Night of the Ninja
By Joe Joe Wright
If I told you that I met a real NINJA, a lot of you might think I was lying. Well, not this time. This is a TRUE story.
The year was 1986 and the City of Cordele was a buzzing little pint-sized metropolis. We had plenty of all the wonderful small town attributes, and we were cursed with an exuberant amount of crime. On what seemed an ordinary night, a burglar came to town, a very unusual burglar. You see, this bandit made a living breaking into Pizza Hut’s up and down the I-75 corridor. Why Pizza Hut? Well, that is still an unanswered question 30 years later.
I was a young Deputy Sheriff and was out and about in the county when the call came in from dispatch to the city police. A 10-15 (burglary) in progress at Pizza Hut on 16th Avenue in Cordele. I started that way but was at least 10 minutes out. The Cordele Police were there in a matter of two minutes and what happened next is one for the history books.
A schoolmate of mine was a young police officer at the time, and his name was Morris Coley. The Supervisor on Duty was Lt. John Wiggins – yes, the same Major Wiggins at the Sheriffs Office now. Patrolman Coley was first on the scene and out of the car and caught the suspect crawling backward out of the bottom half of the west side door of Pizza Hut. “Freeze, get your hands up!” Apparently, the suspect didn’t understand English, because his next very quick move was to swing around with his 22-inch “Aikido Bokken” sword and slice a hole through the front of Morris’s shirt missing his skin by less than an inch. (Now would be a prime time for the old Clint Eastwood Spaghetti western music to be playing with the whistling and all). The next part was even more right out of a Bruce Lee movie as the man dressed in full-fledged Ninja Apparel, did a series of 6 or 7 back flips away from Coley, and flung his Ninja “stars” back in the officers direction as he moved away. At this precise, moment Lt. Wiggins was exiting his patrol car as the suspect began to run towards the apartments behind Pizza Hut. Civilians had begun to come out of their apartments after hearing all the commotion and this created a dangerous and potential hostage situation. A quick thinking John Wiggins drew his service revolver and fired one shot into the buttocks of the wanna be Asian assassin, and he went down like a sack of taters. “I couldn’t let him get up amongst those citizens, he was dangerous,” said Wiggins.

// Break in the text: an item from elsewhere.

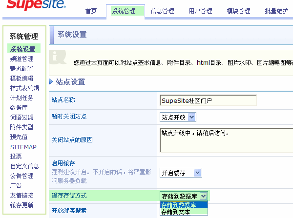 SupeSite 7.5 后台 => 系统管理 => 系统设置 => 缓存存储方式
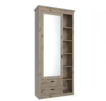 Передпокій Санремо Сокме - колекція, в якій втілилися затишок, природна гармонія і легкий шарм заміського стилю - все, що створює в будинку атмосферу тепла і спокою, де кожна деталь продумана для комфорту і затишку на довгі роки. Корпус виконаний з якісного ламінованого ДСП товщиною 16 мм, фасади з ламінованого ДСП товщиною 16 мм з декоративними елементами МДФ і ХДФ, в природній текстурі необробленого дерева дуб вікінг з м'якими прожилками, благородними сучками, природними відтінковими переходами. Торцеві поверхні всіх внутрішніх і зовнішніх елементів виробів облицьовані кромкою ПВХ товщиною 0,6 мм, надаючи меблям завершений красивий і доглянутий вигляд. Меблі вирізняються спокійним дизайном і продуманим виконанням: фактура натурального дуба створює відчуття тепла, прямі лінії - порядок і лаконічність, декоративні карнизи надають композиції виразності та завершеності, контрастні чорні ручки додають сучасну ноту, міцна основа забезпечує максимальну стійкість, а якісні комплектуючі - телескопічні напрямні та надійні петлі Hafele - гарантують плавність і легкість використання. Передпокій включає в себе різні модулі: комод для зберігання одягу і дрібних речей; навісну вішалку з полицею для зручного розміщення верхнього одягу і аксесуарів; тумбу для взуття для акуратного порядку біля входу; шафу з дзеркалом для функціонального і візуально легкого рішення зберігання і навісне дзеркало для відображення і візуального збільшення простору. Всі елементи можна вільно комбінувати між собою, створюючи індивідуальний простір, який буде відображати ваш стиль і звички. З Санремо Сокме передпокій перетворюється на затишний, світлий простір, куди приємно повертатися - де кожен день вас зустрічають тепло і гармонія. Купити меблі в передпокій Санремо Сокме можна в нашому інтернет-магазині ProMebli.ua з доставкою по всій Україні. Оплата за готівковий і безготівковий розрахунок, в кредит і розстрочку.

We will move forward now about 5 or so hours. The suspect has been to the hospital and the bullet hole was repaired (I believe it went clean through the muscle). He was being housed in one of the holding cells down in the old Crisp County Jail. I walked back their to check on him and as he looked at me through the small window, he said, “You know I really am a Ninja. Whenever I get an injury, my mind is trained to ignore pain.” “Really,” I said. “That is fascinating. I have never had such a skill.” I went back into the office and about 10 minutes later he screamed out, “I need some medicine for my butt. It hurts!” Well, so much for the pain mitigating techniques of the Ninjas.
In all, the burglar was charged in 8 or 9 counts of burglary, aggravated assault on a police officer, and other lesser charges. As far as I know, this is the only encounter for Cordele with a real Ninja.